In addition to the SES and QoL factors, we use information regarding accessibility and per capita area to social infrastructure facilities for training sarcopenia prediction models. We collect data related to the social infrastructure of 2008–2011 from the Korean Statistical Information Service (KOSIS) and several central administrative agencies. The Ministry of Health and Welfare (MOHW) provides the number of senior leisure welfare facilities [66]. The Ministry of Culture, Sports and Tourism (MCST) provides the number of cultural facilities [67] and the area of neighborhood sports facilities [68]. The area of urban parks [69] is sourced from the urban planning status statistic data provided by the Ministry of Land, Infrastructure and Transport (MOLIT).
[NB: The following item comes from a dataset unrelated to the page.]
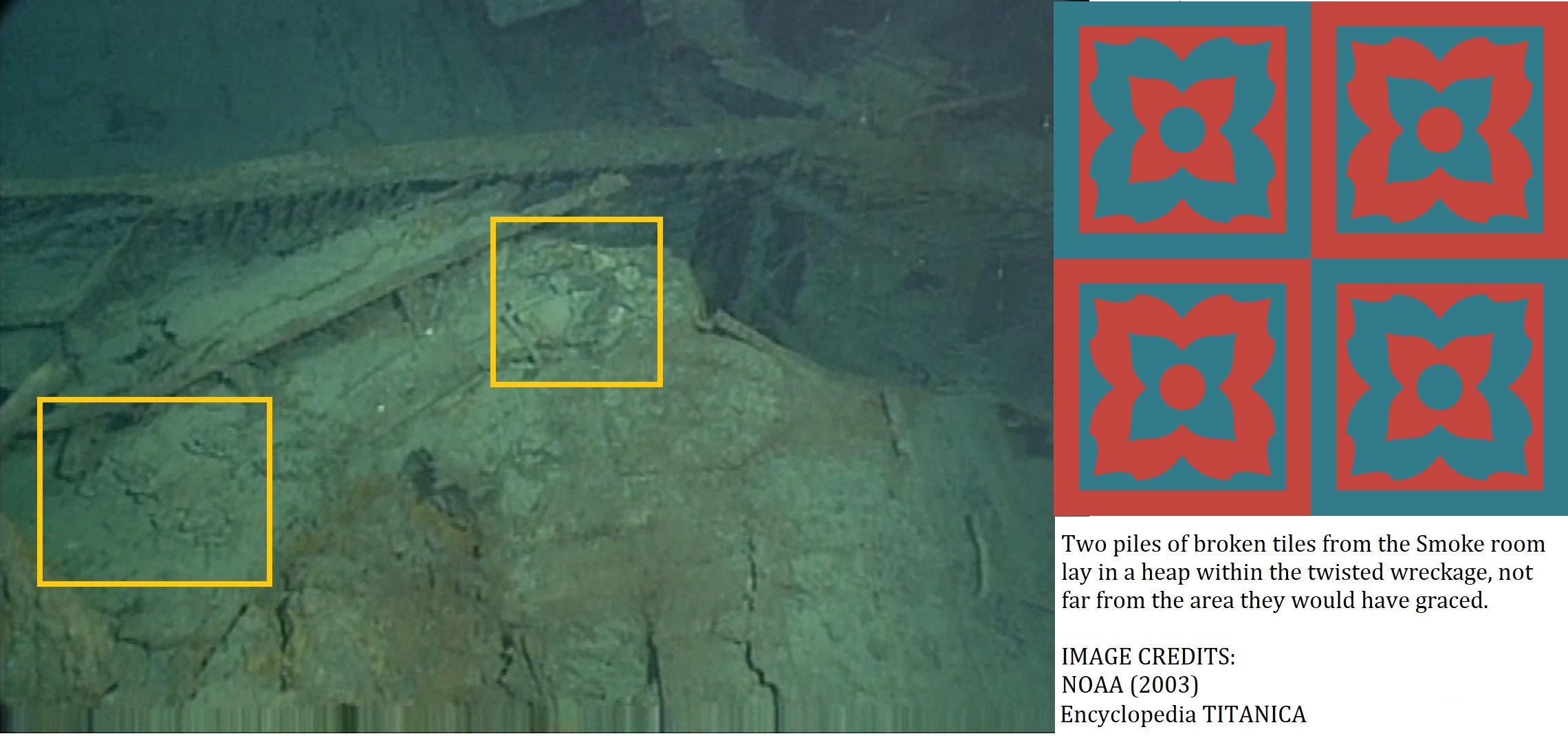 Located 1,970 feet (590m approx) due South of the Titanic’s bow, lay the mangled remains of the Titanic’s stern section. This area of the ship, the last part of the great vessel to vanish beneath the North Atlantic surface, was a honeycomb of compartments that included crew spaces, 2nd & 3rd class quarters, cargo storage, engineering areas, refrigeration, kitchens, as well as having several large areas for the ventilation of her engineering spaces as well.

Additionally, the number of social welfare facilities [70] is aggregated from the statistical yearbooks for each administrative area. These five features are calculated for the following 16 metropolitan cities and provinces, with each region being distinguished by a city code: Seoul (1), Busan (2), Daegu (3), Incheon (4), Gwangju (5), Daejeon (6), Ulsan (7), Gyeonggi-do (8), Gangwon-do (9), Chungcheongbuk-do (10), Chungcheongnam-do (11), Jeollabuk-do (12), Jeollanam-do (13), Gyeongsangbuk-do (14), Gyeongsangnam-do (15), and Jeju-do (16). These infrastructure-related features are incorporated according to the residential regions of the participants.
Figure 1 illustrates the entire process of selecting the participants among the total 37,753 participants of the KNHANES. First, we exclude samples (n = 31,383) below the threshold of 65 years, following the criterion for defining senior citizens in the AWGS guidelines [25]. Second, we exclude individuals (n = 2211) without available skeletal muscle information enabling sarcopenia diagnosis. We then omit samples (n = 248) that lack SES and QoL features. Finally, we end up with a total of 3911 samples.
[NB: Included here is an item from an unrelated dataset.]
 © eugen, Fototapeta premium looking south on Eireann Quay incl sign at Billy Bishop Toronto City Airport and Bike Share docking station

4. Feature Selection and Analysis

In this section, we introduce all the features regarding the SES, social infrastructure, and QoL features used for training the ML models available in the KNHANES and describe each individual feature and its preprocessing method if necessary. Additionally, we present a statistical analysis of the features in relation to sarcopenia.
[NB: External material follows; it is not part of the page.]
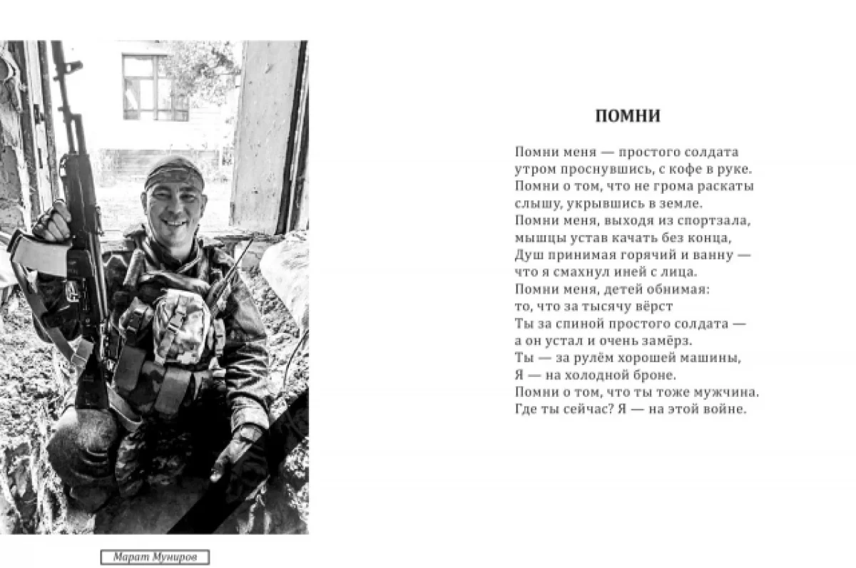 Кстати, одно из уцелевших стихотворений Марата начиналось строкой: «Помни меня, простого солдата». Оно — обращение к мужчинам, которые живут обычной жизнью. Далеко от обстрелов, вражеских дронов, скорби по погибшим товарищам и незнакомым «мирным».

4.1. Features of Socioeconomic Status

SES, including education, income, occupation, and housing, acts as a crucial metric of an individual’s or a household’s socioeconomic standing. It influences various factors related to a vulnerability to sarcopenia, nutritional status, living environment, and healthcare accessibility. According to [27,28,29,30], SES plays a pivotal role in identifying population groups at higher risk for sarcopenia.
First, economic activity status (EC1_1), basic livelihood allowance status (allownc), homeownership status (house), household composition code (genertn), marital status (marri_1), and marriage status (marri_2) are binary features, 0 or 1. The variables EC1_1, allownc, and house are encoded as 1 if yes and 0 otherwise. genertn is encoded as 1 for only sole-member households without a spouse or other family members and 0 otherwise. Marital status indicates the presence or absence of marriage, while marriage status refers to the current cohabitation status with a spouse. Married individuals are coded as 1 for marri_1. Especially, households currently cohabiting with spouses are encoded as 1 for marri_2. Second, the average monthly household income and number of household members are encoded by a continuous numeric value. The average monthly household income (ainc) is valued between a minimum 17 (below 170,000 KRW) and a maximum 900 (above 9,000,000 KRW). The number of household members (cfam) is represented numerically with a maximum six members. Third, all the remaining SES features are categorical, which are encoded as in Table 1 for each category: urban/rural divisions (town_t); type of dwelling, i.e., apartment or non-apartment (apt_t); housing type (live_t); income quartiles for both individuals (incm) and households (ho_incm); income quintiles for individuals (incm5) and households (ho_incm5); educational levels (edu); and detailed educational classifications (educ).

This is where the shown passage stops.